In reading a lot of your press, something I noticed are the comparisons to performers like: Joplin, Tina Turner, Bonnie Raitt, etc. Do you enjoy hearing that or is it a distraction that is starting to get old?
I enjoy hearing it and I do appreciate it but I also think one of the problems in comparing music is that it immediately cancels out the listener’s ability to listen with open ears. If I had never heard us before and somebody would sum me up in a ball, and said it was like Tina Turner fronting the Rolling Stones, yeah sure maybe as I listener I would say, ‘Wow, cool. That sounds interesting I want to hear that,’ but then you’re listening with that impression. So I’m honored by those comparisons, but I do think they can take away from the listener’s objective.
And along those same lines, critics always throw the southern rock, jam band tag around your music. Again, is that something you get tired of talking about?

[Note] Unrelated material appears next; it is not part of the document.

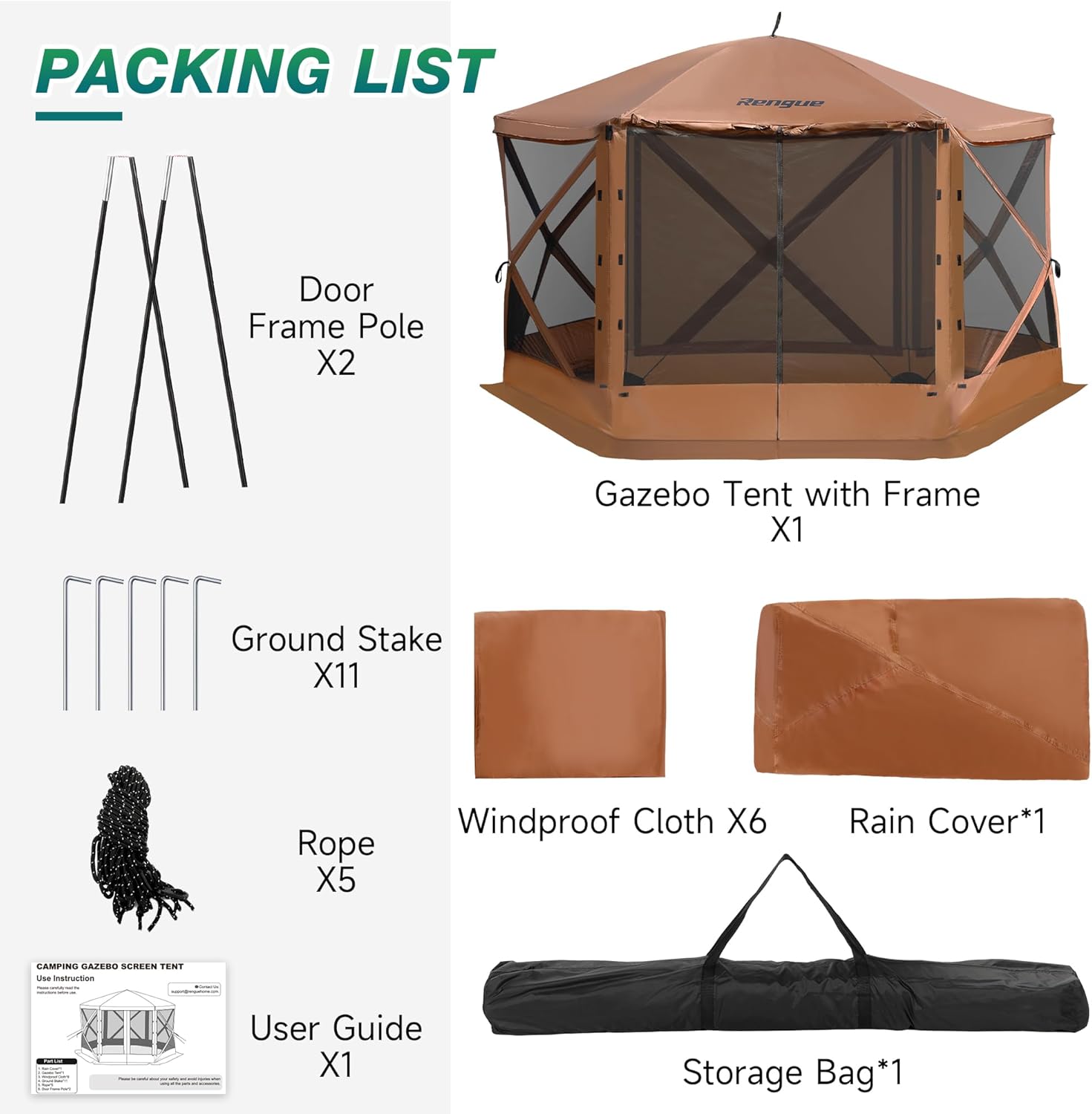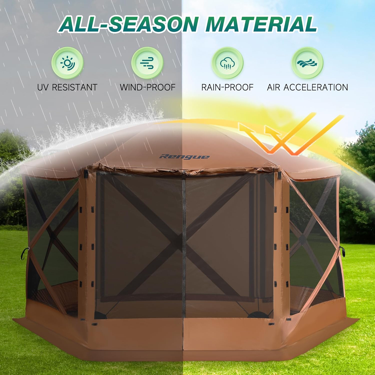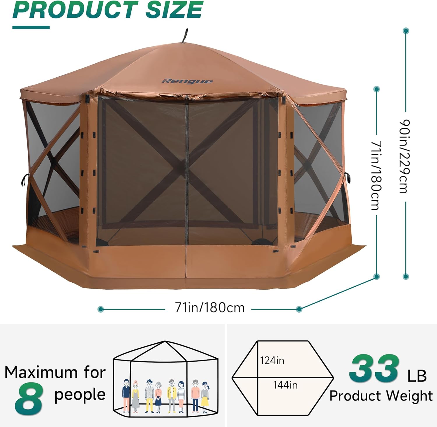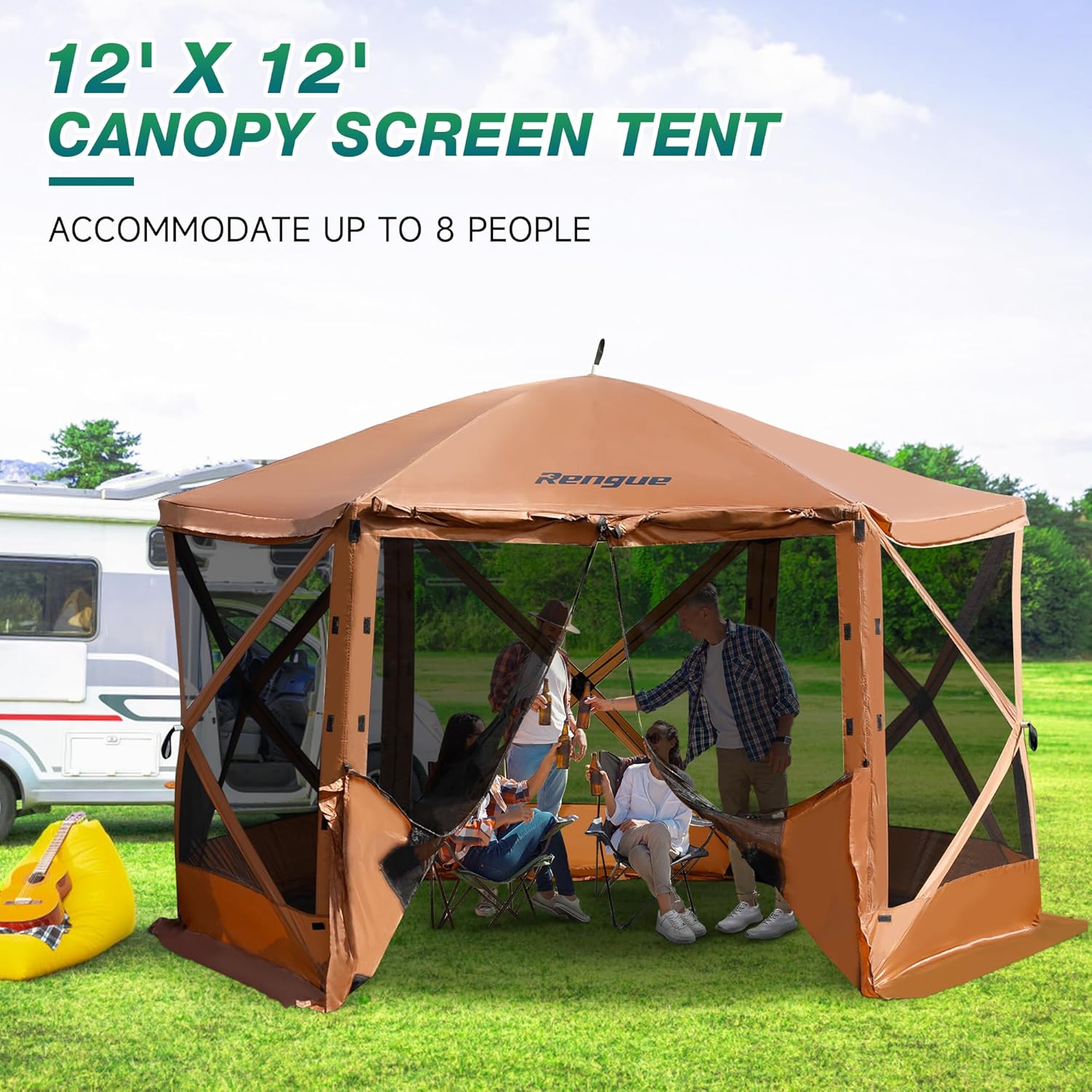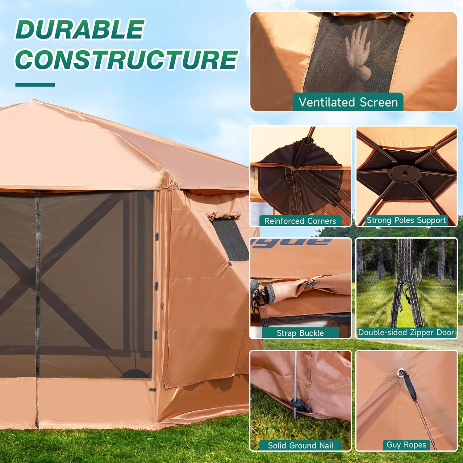 12x12ft Pop-Up Camping Canopy Gazebo, Screen Tent with Mesh Windows & Carry Bag, 6 Sided Shelter Tent with Ground Stakes, Brown
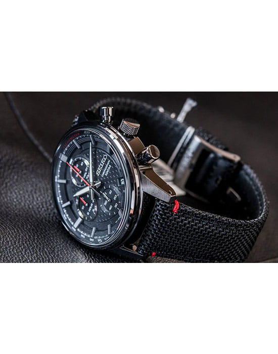 Аксессуар выполнен из нержавеющей стали 316L, материал устойчив к повреждениям. Кварцевый хронографХронографФункция позволяет измерять отрезки времени с особой точностью: часы, минуты, секунды. Верным признаком хронографа является наличие на циферблате 3 дополнительных окошек-счётчиков. оснащён японским механизмом Seiko 8T67 с точностью хода ±15 секунд в месяц. Калибр работает от батарейки, рассчитанной на 3 года. Функции: секундомер, календарь, тахиметрТахиметрРазмеченная шкала, располагается на ободке или безеле часов. Тахиметр позволяет рассчитать скорость на определённом участке пути, расстояние измеряется в километрах или милях.. Ремешок из нейлона имеет кожаную основу.

Not really because it happens to a lot of bands. I mean look at a band like My Morning Jacket, who is doing amazing things that couldn’t be further from the southern rock tag, and they can’t be held down either. So, I think in a lot of ways a good band should have all those influences. A good band should shine a light on the best parts of every great genre. For us, that’s a lot of blues, gospel, and soul music that has been a big influence over the years and somehow that sort of wound up in a jam capacity mainly because of the venues we were playing and the festivals and I think that shines a good light on southern rock and all of the gospel that we listened to as kids. So the jam thing is great and it allows us to stretch out on stage without looking out at the audience and seeing them yawning. The audience comes to the shows with an expectation of some of that and it allows them to enjoy the show without wondering what’s going to happen next or asking ‘Why aren’t they playing their single?’ Our crowd has been tuned to not expect the short, quick pop song but also not to expect seven 25-minute songs.
You recently did a great cover of Gillian Welch’s Elvis Presley Blues. Seeing that she has been a favorite of No Depression over the years, do you admire her work or any other alt-country artists that have graced the pages of the magazine?
Gillian and David (Rawlings) really do stand out for me. Time the Revelator is my Bible. We also had a funny hang with Jay Farrar at Bonnaroo in 2006 where he just sort of wandered on our bus and started playing music with us. So, I sort of had this reverence and saw these artists in a serious way, but now that I know Gillian and David a little bit and after talking to Jay all that kind of serious, dark-cloud kind of stuff has gone away and they’re just great human beings who love to play music. That’s been the thing I reflect on as we all grow up and come into our own. It’s a cool thing to see that.